On when we’ll see Pelant again
Hart: Well, Pelant will definitely figure in their lives quite heavily in the first few episodes. We will see him again. We’ll see him in a way we haven’t before. It’ll be a far more intense episode and it’ll be them confronting him in a way we haven’t seen before. That’s probably vague enough.
Stephen: You know they’re going to get married, and they can’t really get married until the issue of Pelant has been dealt with one way or another.
We’re doing all that fairly quickly. We’re not teasing this out through the whole season.
Hart: We’ve strung along the audience for eight years. Season 9 we’re starting to resolve things, not everything because there will be a Season 10 through 14, but at this point, we will be moving things along.

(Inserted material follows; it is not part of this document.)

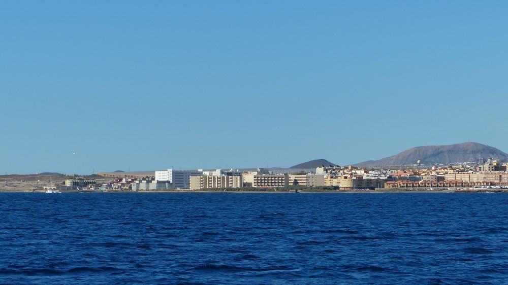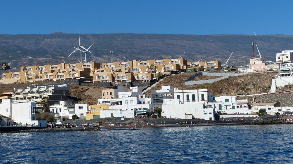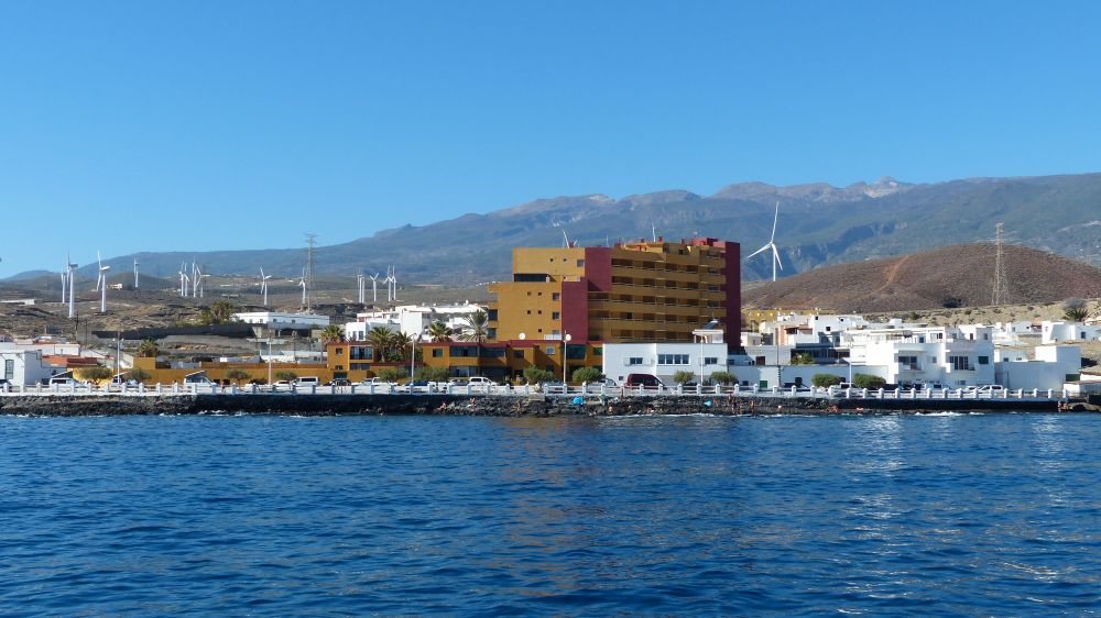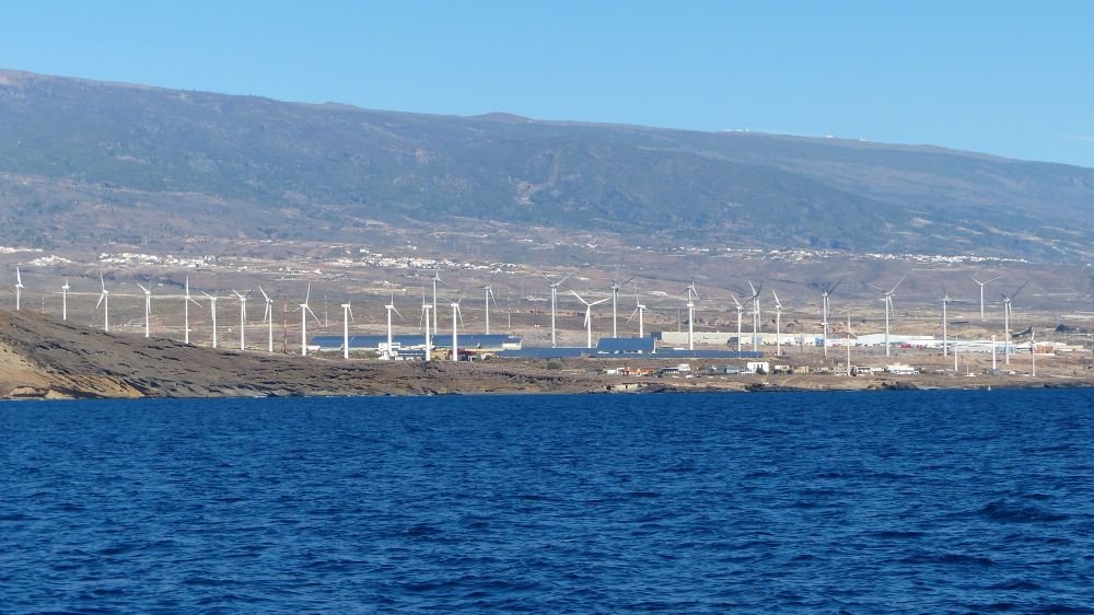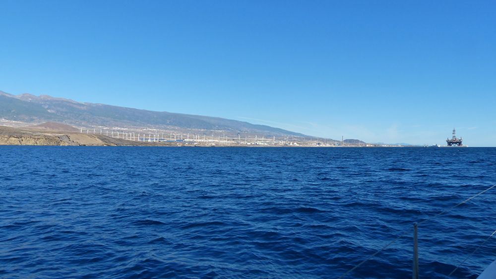 In der Bucht gibt es einiges an Gebäuden und direkt dahinter jede Menge Windkraftanlagen. So dicht würden die Bewohner die Windräder in Deutschland sicher nicht akzeptieren. Leider ist die Wasseroberfläche hier in der Bucht sehr unruhig, die Mephisto schaukelt den ganzen Tag und die Nacht kräftig hin und her. Es war eine unruhige Nacht, obwohl der Anker hielt, aber das Geschaukel ist nervig. Nur wie gesagt, es gibt keine gute Alternative, bis zum 4.1. bleibe ich hier, ab dann habe ich eine Reservierung für die Marina in Santa Cruz.

Jump with me to read more from these guys.
On Booth & Bones going undercover
Stephen: David and Emily love doing Roxy and Tony so much that it’s a little disturbing.
Hart: We haven’t seen Roxy and Tony since the second season.

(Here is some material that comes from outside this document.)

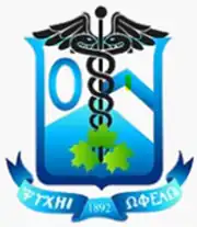 The badge of the Psi Omega Fraternity is an heraldic shield of gold with a slightly curved field of black enamel on which are displayed a caduceus, the letters ΨΩ, and three ivy-leaves. Colors are blue and white.[1]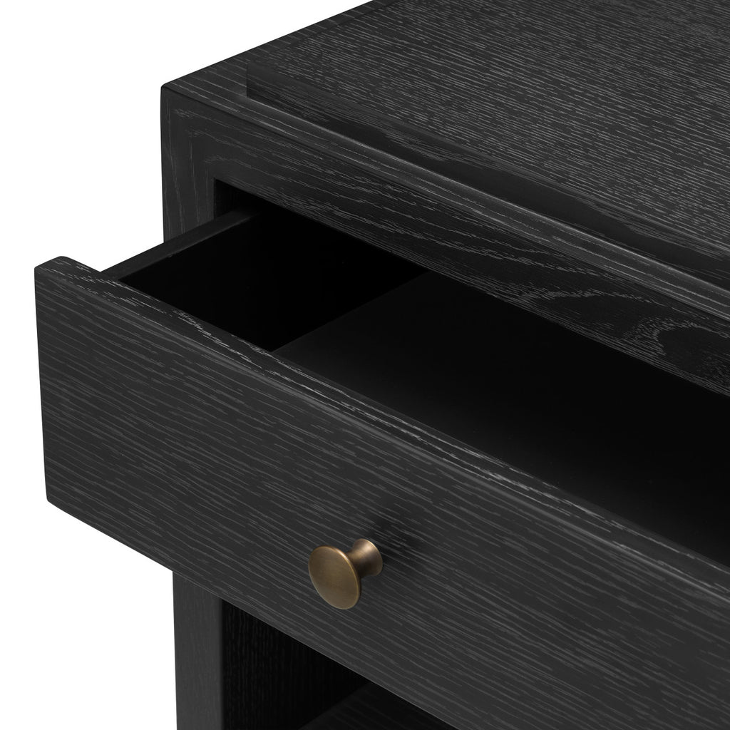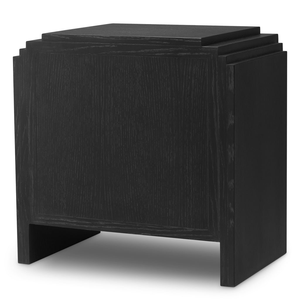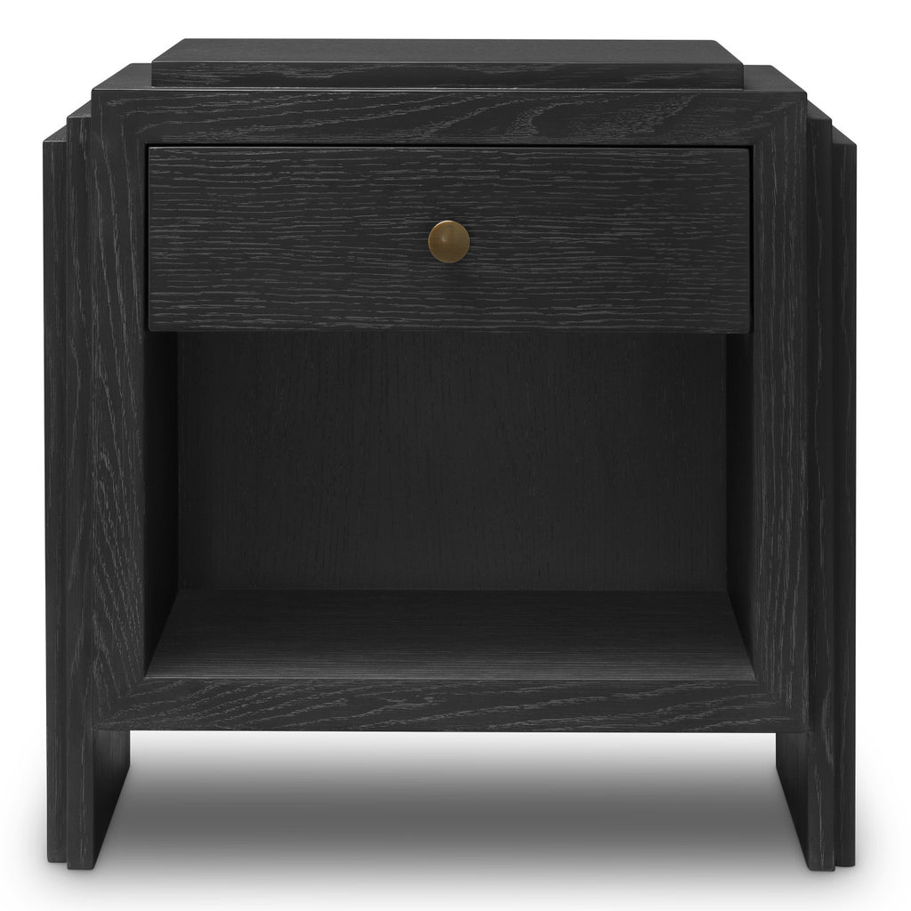Verhoog de uitstraling van je interieur met de Nightstand ArtDeco, uitgevoerd in charcoal grey eikenfineer en gecombineerd met bronzen accenten. Dit verfijnde ontwerp vangt de charme van Art Deco elegantie.

Stephen: Yes, and they love Wanda and Buck Moosejaw, but man, they really like Tony and Roxy. What they’re doing is going to a marriage counseling retreat, which is ironic since, A, they’re not married and, B, they have this issue hanging over them. Tony and Roxy are louder than Brennan and Booth, so they get to work out some stuff undercover while trying to catch a murderer. It’s pretty fun.
Hart: Yes, their mouths are uncensored, so Roxy and Tony get to a lot of things that Booth and Brennan might not get to. It’s always great to see the two of them do these undercover episodes. It’s a hilarious situation they’re in. We have a phenomenal guest cast. Certainly having a couples retreat with various couples interacting with Tony and Roxy gives us a lot of great stuff.
Stephen: There’s a fat suit involved.
Hart: Yes, there is a fat suit that is sort is like a balloon.
On how much Booth’s ex-priest & CIA friend will be in this season
Hart: We’re going to have him back a few times, Aldo Clemens. It’s played by Mather Zickel. He’s an appealing guy and he has kind of a vibe that no one else on Bones has, so we’ve been seeing him at work and I think you saw, too, in the first one, he has pretty good chemistry with both David and Emily. We’ll have him back a few times, which I shouldn’t say, because there’s always a chance that people will be killed by Pelant, so now I kind of let that cat out of the bag. We’re going to have him back. Let me say this. He’s part of the wedding episode.
[As for Freddie Prinze Jr.’s character & the offer he made to Booth,] that’s a fun dynamic to play out is that he thinks that the CIA is the ultimate organization to belong to. Booth has belonged to the FBI for a long time. Those agencies actually have a bit of a rivalry and so we’d like to play that out a little bit as the season goes on.
On when we might see those fun, “out of the box” episodes
Hart: I’ll tell you something. We front loaded the season with, I’m going to call them obligatory episodes, things that we’ve set up that we have to do. The weirder episodes or out of the box episodes, if I’m hearing your question correctly, are going to happen in the back end of the season. I don’t even mean the back end. Let’s say after Christmas.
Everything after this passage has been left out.